Sometimes I really love this shit.
Ka-ching!
Meanwhile, there’s an article over at AdultBeat.com where Henri Pachard says maybe JimmyD SHOULD BE the spokesperson for the adult entertainment industry. After all, Henri says I’m just “complicated” enough to do the job.
And just so ya know, I think a lot of Henri. I have immense respect for him. And if Henri Pachard says I should be the spokesperson, who am I to argue with him?
Also meanwhile, the moron in Everett, Washington, wants to put a fence around his Taboo Video to try and placate the locals who are enraged about his smut shop’s location across from a pre-school. Personally, I don’t think making a fortress out of a smut shop is the smartest way to go. And apparently, the locals aren’t buying this as a gesture of goodwill and a solution to the problem.
Speaking of morons--and in this case, one who is so green with envy he'll say or do almost anything to ride on the coat tails of someone else’s notoriety--I hear there’s a plan afoot to create an XXXSynagogue.com.
Hey! Maybe it’s not such a bad idea?
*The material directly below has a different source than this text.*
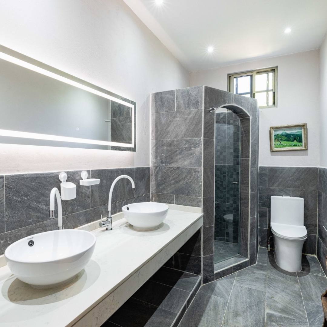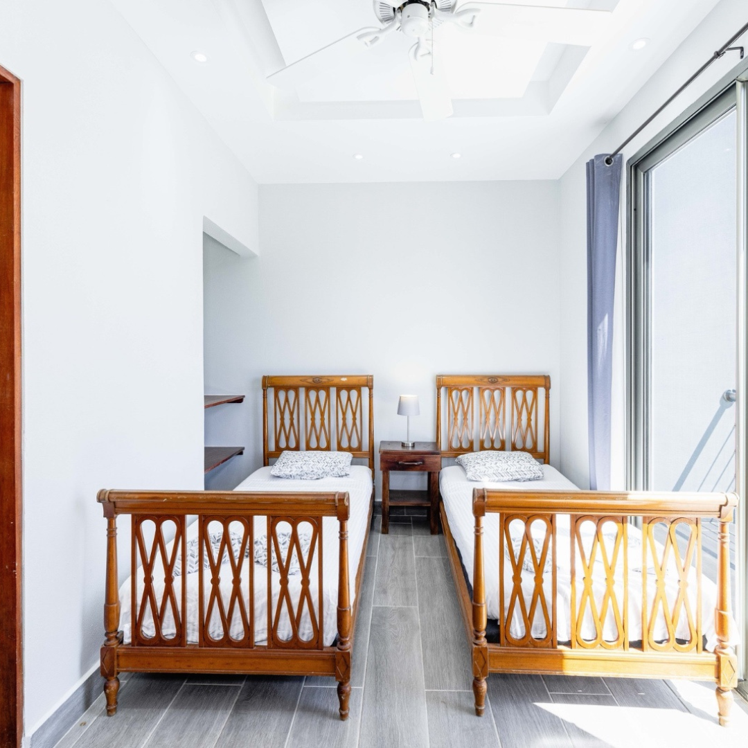 Second floor: 2 bedrooms with private bathrooms and balcony

With so many Jews in powerful positions in this business, I’m sure they’ll all be lining up to donate big bucks to this guy’s idea who, by the way, is also a Jewish member of the jizz biz, albeit not one in anything remotely resembling a powerful position.
Perhaps (the real) Luke Ford, who so often tries his best to convince everyone he’s a spiritually devout, practicing Jew, should offer up his theological feelings about the idea. (BTW, if you believe that Ford is a devout Jew, I’ve got a couple of well-known bridges in New York City I’d like to sell you.)
But wait, this just occurred to me--and there's no religious disrespect intended--with so many Jews already running this business, maybe the business itself should already (and aptly) be called the XXX Synagogue?